The Make-It Project and Computational Synthesis of Organic Compounds

Mario LatendresseArtificial Intelligence Center[Home Page]

Date:  Thursday, January 26th 2017 at 4:00pm

Location:  EK255 (SRI E building)  (Directions)

Webex: 

Slides (SRI Wiki access required):

https://wiki.sri.com/download/attachments/4919820/Mario%20Latendresse%20-%20Make%20It%20-%2026%20January%202017.ppt?version=1&modificationDate=1489786296958&api=v2
   Abstract

The collaborative Make-It Project involves researchers from several SRI departments, including the Artificial Research Center. It is a competitive research project sponsored by DARPA (Defense Advanced Research Projects Agency) with the overall goal of designing hardware and software allowing chemists to be more productive in exploring new chemical routes to produce organic compounds and reproducing them on demand. The overall goal has three major components : a chemical flow reactor (hardware), an application to monitor it, and an application to suggest new chemical routes to produce the desired target compounds. This presentation focuses on the approach taken for the third component by the Make-It team, which we call SynRoute.

Despite many efforts, there is no well-established application that can suggest effective and workable new chemical synthesis routes.
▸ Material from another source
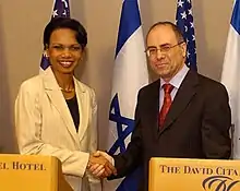 In late December 2008, after Israel broke the Gaza Strip ceasefire with an incursion into the Gaza Strip, Rice kept outgoing President George W. Bush abreast of the situation.[25] "The United States strongly condemns the repeated rocket and mortar attacks against Israel and holds Hamas responsible for breaking the cease-fire and for the renewal of violence in Gaza," Rice said in a statement. "The cease-fire should be restored immediately. The United States calls on all concerned to address the urgent humanitarian needs of the innocent people of Gaza."[26] In early January 2009, Rice went to New York and personally negotiated United Nations Security Council Resolution 1860 supporting a ceasefire, but then abstained on its 14-0 passage. Explaining the abstention, Rice said the US wanted to first see the outcome of the Egyptian peace efforts, but allowed the resolution to go forward because it was a step in the right direction.[27] Israeli Prime Minister Ehud Olmert later claimed he humiliated Rice by persuading U.S. President Bush to instruct her not to vote for it. Rice spokesman Sean McCormack has called Olmert's claims "100-percent, totally, completely not true," but on January 14, Olmert aides said the Israeli leader told the story as it happened. Olmert has also claimed that Bush broke off a speech he was giving in Philadelphia to take his call, and that the abstention embarrassed Rice.[28]

We present two of these efforts and point out their shortcomings. The approach taken in SynRoute combines 1) a large database of experimentally verified chemical reactions; 2) a small set of generic chemical transformations to create reactions that do not exist in that database; 3) an efficient algorithm to find optimal routes to produce a target compound given the large database supplemented with created reactions tailored for the target compound. A machine learning approach will be used to limit the number of created reactions, because the generic transformations, by themselves, can generate a large number of unworkable chemical reactions.